Christian Grey uses sex as a weapon. He takes real pleasure in fucking her into submission when he cannot otherwise will her into submission. Nearly every sexual encounter between the young couple ends with Ana drowsy and unable to move, her limbs heavy and satiated with pleasure. In a consensual BDSM relationship this dynamic would be fine, welcome even, but the overarching premise of the trilogy is that Ana doesn’t want a BDSM relationship, at least not the kind Christian wants. She certainly enjoys their kinky sexual relationship, but she consistently clarifies her overall disinterest in serving as Christian’s submissive. Their relationship is beyond refractory; Ana is, like Bella in Twilight, the vanquished, the undead, and Christian Grey is the proud vanquisher.
After each instance of abusive, controlling behavior, Ana gets righteously indignant but never for long. Time and again, she chooses to sacrifice what she really wants for the opportunity to be loved by her half-assed Prince Charming. We’re supposed to believe Ana is independent because she “defies” Christian by having very reasonable expectations and boundaries. He willfully ignores these boundaries, though, and she allows him to. She forgives all his trespasses.

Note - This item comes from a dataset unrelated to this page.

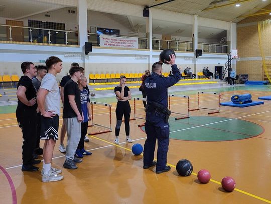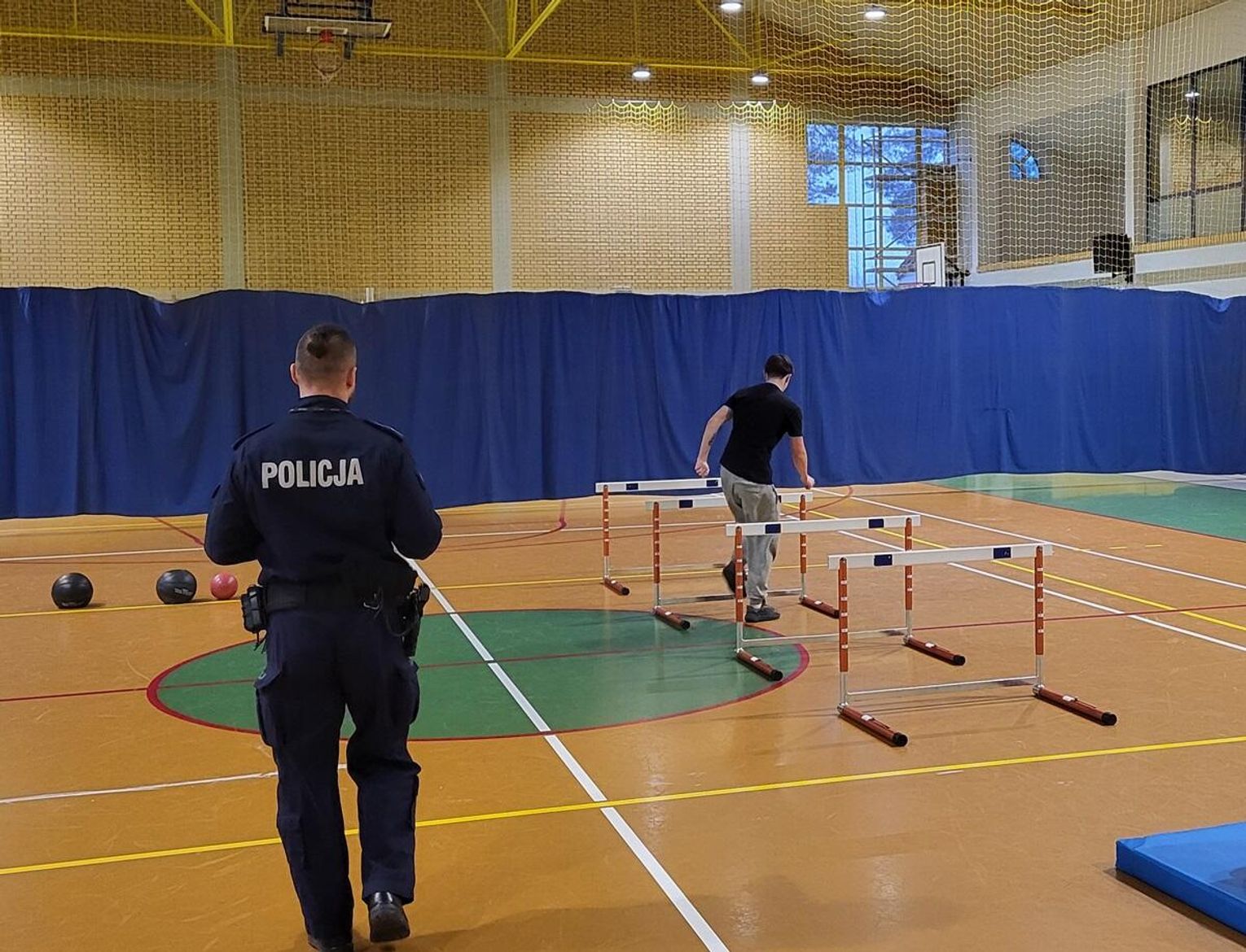 Jedno z takich spotkań odbyło się dzisiaj (4.12.2024) dzięki uprzejmości grona pedagogicznego Zespołu Szkół Samochodowych we Włocławku. Na sali gimnastycznej chętni uczniowie mogli zmierzyć się z torem przeszkód, jaki obowiązuje kandydatów do służby w Policji podczas rekrutacji.

The trilogy also relies heavily on the trope of the imperiled woman—in each book, Ana faces some kind of danger, either innocuous or quite serious, that reminds us she is a woman, and therefore in need of rescue by her Prince Charming. After each crisis, Christian clutches Ana desperately and says he doesn’t know what he would do if anything happened to her. If you look up the word “codependent” in the dictionary, this couple’s picture will be featured prominently.
I’m all for reading for pleasure. I’m a fan of dirty books and kink. I am down with female submission. By the end of Fifty Shades Freed, however, where Ana acknowledges that Christian is as controlling as ever even though they have found a happily-ever-after, his pattern of abusive, petty, and at times childish behavior is exhausting and far too familiar. This Prince Charming has lost all his charm.

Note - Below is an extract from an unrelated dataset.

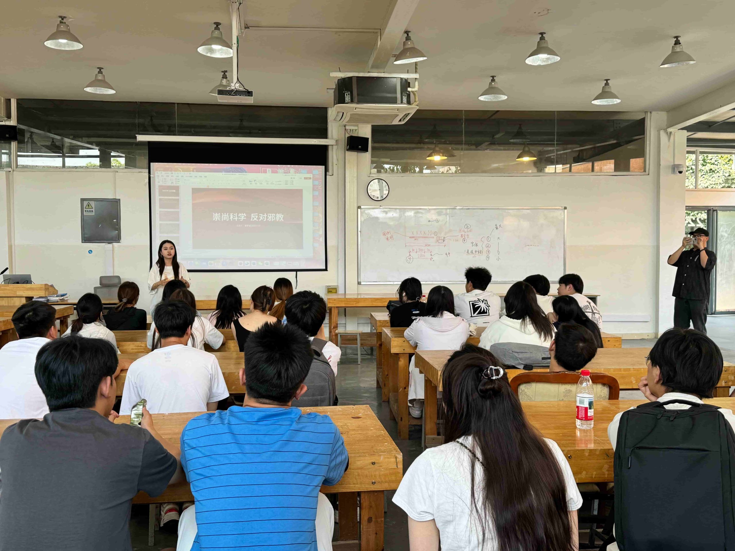 活动通过党团日活动、思政课堂专题教学等载体实现全域覆盖,各学院协同开展主题班会、座谈会等,构建”线上+线下”立体宣传矩阵,累计影响师生数万人次,推动”崇尚科学,反对邪教”成为全校共识。

When considering the overwhelming popularity of this trilogy, we cannot simply dismiss the flaws because the books are fun and the sex is hot. The damaging tone has too broad a reach. That tone reinforces pervasive cultural messages women are already swallowing about what they should tolerate in romantic relationships, about what they should tolerate to be loved by their Prince Charming.
Fifty Shades is a fairy tale. There’s a man and a woman, and an obstacle that eventually they are able to overcome. There is a happily-ever-after, but the price exacted is terribly high. It is frightening to consider how many women might be willing to pay that price.